The future of Georgia: The European Union or the total opposite?


Source: shutterstock

By Leea Hering

Georgia is lost. The country has had an EU-member candidate status since last December, but the ruling party seems to be making contradictory decisions. 81 % of Georgians are willing to join the EU, but the path towards joining the union is cracking. Will Georgia one day be able to join the European Union, or do Georgians have to bury their dream of integrating towards the west?

Controversial bill

On May 1st the Georgian parliament voted for a “Russian-style” bill in its second hearing with a vote of 83-23. The country’s leading party Georgian Dream states that the new law will promote transparency, but in fact it is doing the opposite. The bill suggests that NGOs and media outlets with over 20 % of foreign funding are to be seen as foreign agents. While the government says that the law increases transparency, it actually makes it hard, if not impossible for organisations exposing corruption to work in their field. The second aim of the bill is to prevent “LGBTQ+ propaganda” from spreading from the west. This doesn’t sound like a shift towards a more open and democratic society. Restricting citizens from basic rights isn’t the correct move to make while aiming to be a civil society. No wonder why the streets of Tbilisi, the capital, have been filled with major demonstrations. Georgian authorities have, however, responded to these demonstrations with unnecessary and over-the-top violence, with over 60 people being arrested.


In Tbilisi, there have been demonstrations both pro and anti-government. However, there is a peculiar particularity concerning the demonstrations: some people have been participating in both. The government has forced some people, such as state university students or people whose salary depends on the state, to participate in the pro-government demonstrations. The people’s minds, however, are somewhere else, and therefore after participating in a pro-government demonstration, some people joined the anti-government demonstration. The youth especially want a more open, liberal, and EU-like Georgia, and in fact, a clear majority of Georgians wants to join the EU. There are many contradictions between the actions of the government. If the government is chosen by the citizens, it should also respond to the expectations of the people.

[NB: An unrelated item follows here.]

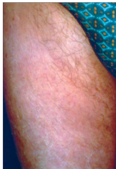
Fig. 5. Aspectul leziunilor după 11 zile de tratament

De asemenea s-a început terapia sifilisului conform schemei M.S. și formei clinice de boală.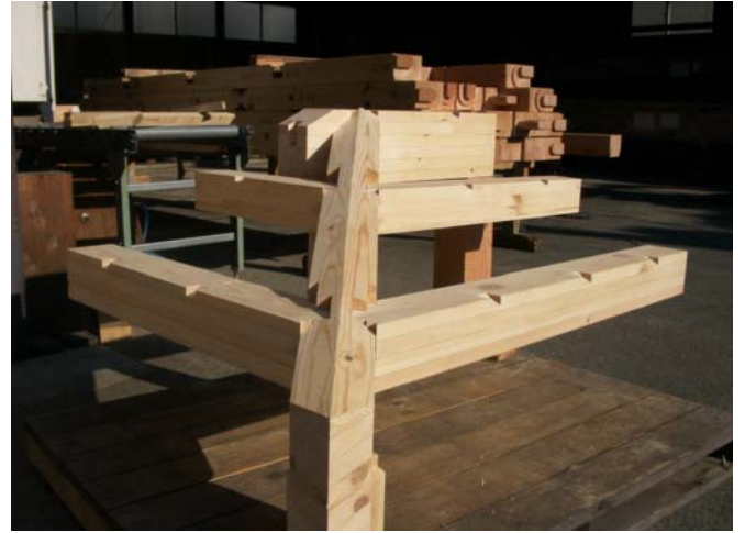
棟木を大きくして登り隅木を蟻掛けにする加工です。

The ruling party – Georgian Dream

The government party Georgian Dream is still enjoying the position of the biggest and most popular party in the country. How is this possible when the citizens are not appreciating their actions? The answer is that there is no relevant alternative in the opposition. No other party has gained credibility to rule out the Georgian Dream. The founder of the party, Bidzina Ivanishvili, an oligarch, has enough contacts and money to hold tightly to his and his party’s position. The party has a strategic position as well: it wants to stay in the favour of Russia to avoid what happened in Georgia in 2008, but at the same time it wants to become a member of the EU. Basically Georgian Dream wants Georgia to be integrated to the west, just without LGBTQ+ rights and freedom of foreign media to operate in the country. 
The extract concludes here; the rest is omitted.